Starting situation – Repayment of capital contribution
The liability of limited partners of a KG [German limited partnership] or a GmbH & Co. KG [German limited partnership with a limited liability company as a general partner] vis à vis the company’s creditors is restricted to the amount of their limited partnership contribution or liability capital contribution as recorded in the commercial register. Once this amount has been paid then, generally, further liability can no longer be considered. However, this would not apply if the capital contribution has been repaid to the limited partners. In this respect, the liability to third parties is then restored once more. This is also frequently the situation in the case of investments in ship funds where distributions are regularly paid out to an investor although the profits that have actually been generated are insufficient to cover these. In this sense, this would then be deemed to constitute the repayment of a capital con-
tribution that would result in liability being restored.
The extent of liability in the event of insolvency
In the cases in question,(BGH from 15.12.2020, case reference: II ZR 108/19, and from 28.1.2021, case reference: IX ZR 54/20), insolvency proceedings pertaining to the assets of the fund management company were opened each time and, in the course of these, the ships were sold. Switching to the so-called tonnage tax method of determining taxable income, prior to the crisis already, had ultimately resulted in a trade tax liability for the company (add-back of the hidden reserves determined during the switch to this method of determining taxable income). In each case, the insolvency administrator held the limited liability partners liable for the tax payment.
The BGH judges ultimately accepted that the limited partners could be held liable and essentially based their decision on the fact that the tax liability was established prior to the opening of insolvency proceedings. The basis for the trade tax liability was created, prior to the insolvency, by switching the method of determining taxable income so that the trade tax, which was triggered as a consequence, was covered by the partners’ liability.
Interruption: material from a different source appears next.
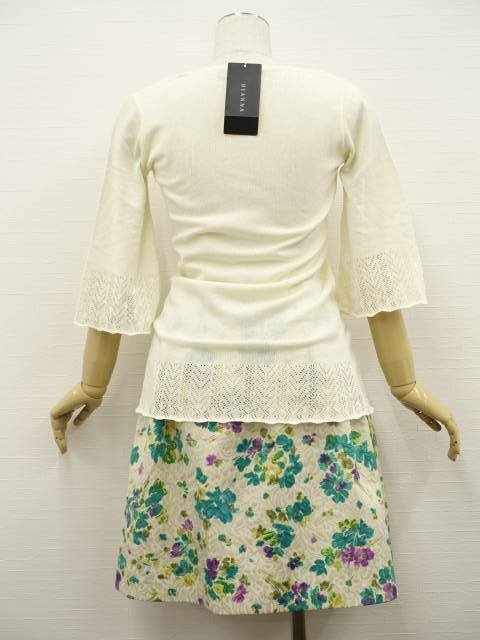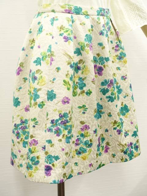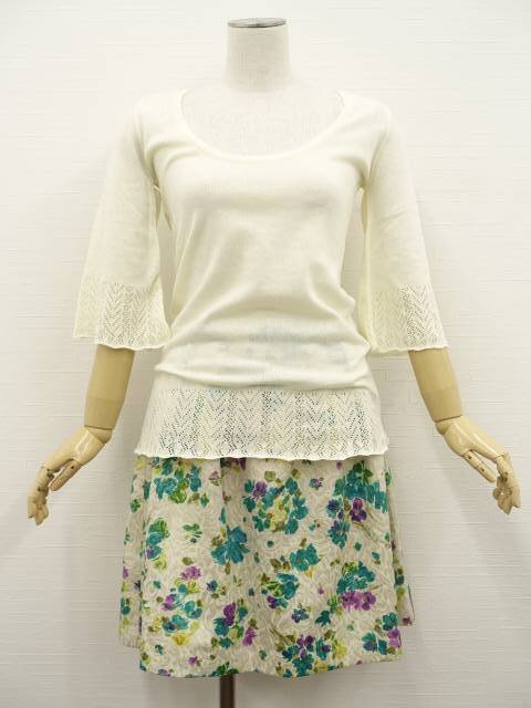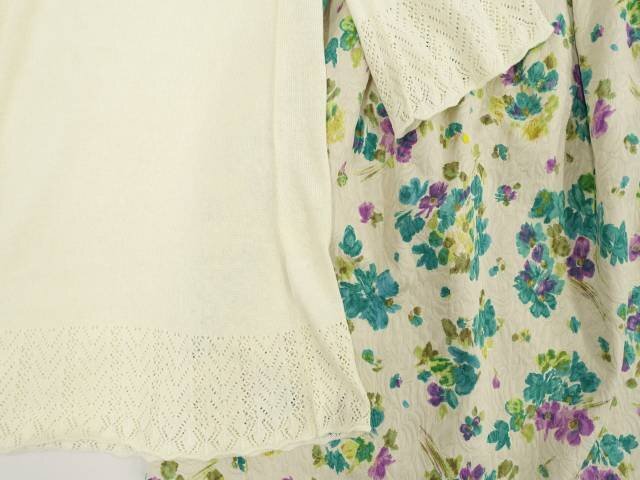 七分袖ニットカットソー+ひざ丈タックスカート コーディネート上下2点セット M相当 クリーム/ライトベージュ地パープル×グリーン 花柄 フェミニン系 20代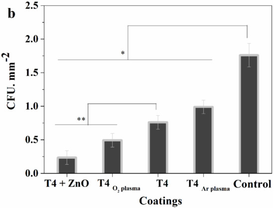 (a) photographs of E. coli colonies on agar culture plates after 24 h incubation on various T4 coatings; (b) colony forming units/mm2 on modified T4 surfaces and the control. All T4 surfaces showed a significant reduction in bacterial adhesion w.r.t. control (* p < 0.05). T4 + ZnO and T4 O2 plasma demonstrated a significant reduction in bacterial adhesion w.r.t. to T4 (** p < 0.05).

Even though these new rulings will be of little comfort to limited partners who are affected, nevertheless, they do at least provide considerably more legal certainty in the area of the liability of limited partners in the event of insolvency. From now on, the exclusion of liability can only be considered for those obligations that arise as genuine preferential liabilities incurred as a result of legal acts by the insolvency administrator. By contrast, if the liability was already established prior to the insolvency – which is frequently the case not only for tax liabilities but also, e.g., in the case of continuous obligations – then the limited partner would not be able to claim any limitation of liability.